I have the one with the Carrier board, Connections seem to be simple.
I have the OUT to the Arduino Digital Pin, GND to GND, and the Vin to 5 V.

The Problem is that i never see a light on the back of the sensor.However when i connect the 3.3V to the Vin, it lights up, but the light never goes off, even when there is no obstacle in front of it.

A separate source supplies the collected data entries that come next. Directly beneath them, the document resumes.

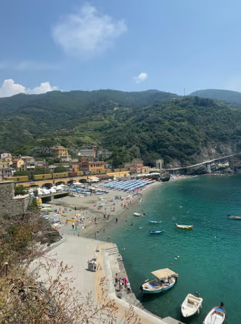 몬테로소 알 마레 (Monterosso al Mare)의 '안전한' 해변: 친퀘테레의 다섯 마을 중 유일하게 긴 모래 해변을 가지고 있어서 한국의 해수욕장처럼 편안하게 물놀이를 즐길 수 있는 곳이에요. 다른 마을들이 암석 해변이거나 항구에 가까워 수영하기 쉽지 않은 편이라, 이곳에서 샤워 시설까지 갖춰진 깨끗한 해변을 만나는 건 의외의 즐거움이 될 수 있답니다. 해변에서 여유롭게 일광욕을 즐기며 진정한 휴양을 경험해보세요.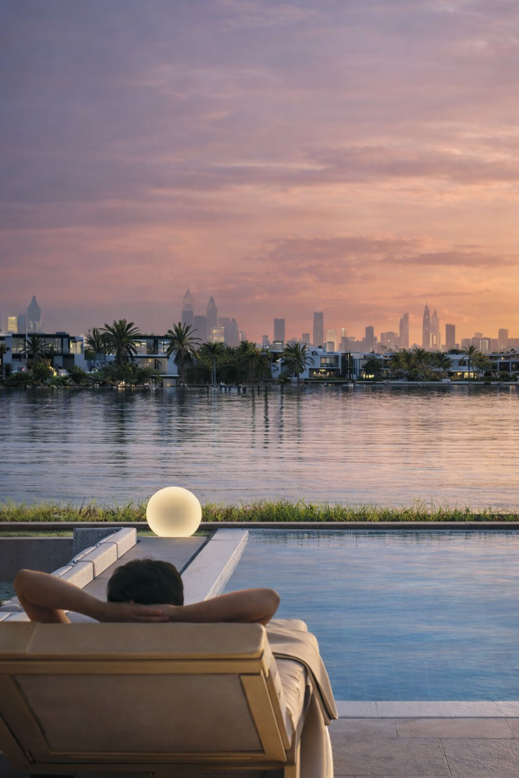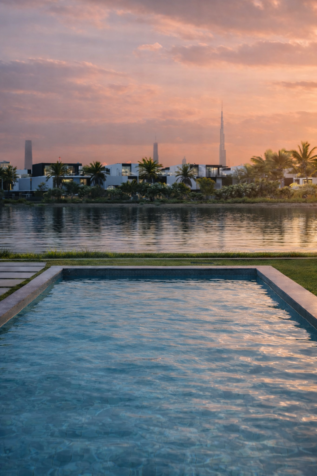 Exclusive lagoon-facing villas with panoramic skyline views and architectural precision.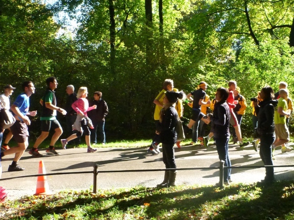 Auf der olympischen Marathonstrecke geht es Richtung Norden. Weil die Strecke recht eng ist, halte ich mich mit meinem Rad auf einem anderen Weg. Die Sonne strahlt nun hell. Die Blätter der Bäume leuchten in sämtlichen Herbsttönen. Und dazwischen die Läuferschar auf dem Weg zurück. Leider sieht man heute keine Schafherde. Die grast hier nämlich gelegentlich. Links in den Hochhäusern befindet sich die größte Studentenwohnanlage Deutschlands. Bei km 10,5 erreichen wir den Aumeister, ein netter Biergarten. Nebenan eine Verpflegungsstelle und der Hinweis, dass „nur noch“ 31,5 Kilometer zu bewältigen sind.

Has anyone who has used these before, offer some advice.
Also, the datasheet says it might be good to have a Capacitor in between the GND and the Power, which i am yet to test, Why would that solve the problem?
I thought it would just make the power supply stable.

Thanks for any help!

jwatte:
I used them for obstacle avoidance for a Zumo, and they worked just as advertised.
Is it possible you damaged it when soldering the headers onto it?
If not, then it's likely a bad board. That's not common, but it can happen.
The capacitor is needed if your power supply is not low impedance -- if you use a weak regulator, poor filtering, small batteries, or long connection wires. It makes the sensor see a stable voltage source; an unstable voltage source may confuse the sensor in undocumented ways.

paulstreats:
You start by saying that you connect 5v to the Vin then in the next paragraph say that you connect 3.3v to the Vin? Are you saying it works fine under 5v but not under 3.3v?

 Also do you have capacitors on your power line, sometimes the power draw that happens when the sharp sensor start lighting up their IR can be enough to cause a significant drop that causes faulty operation not only to itself but also anything else (such as your microcontroller) that is relying on that power.

arigid:
Surprisingly, it worked after trying another time.

paulstreats:
Are you happy with the digital output? Ive just this morning finished fiddling with resistor values etc to get a good range and analog output from a plain IR LED an IR phototransistor and 2 resistors. total cost being less than $0.50. Its output ranges from 0.5V at just beyond 30cm to 4.75V at 1 cm (not linear). In dim light. In normal room lighting its around 1.15V at just beyond 30cm.

Im doing some tests next week on the same pair using lower value resistors but including an extra transistor along with the phototransistor to make a Photodarlington to see how far i can push the distance but for what i want it for, im more than happy with 30cm.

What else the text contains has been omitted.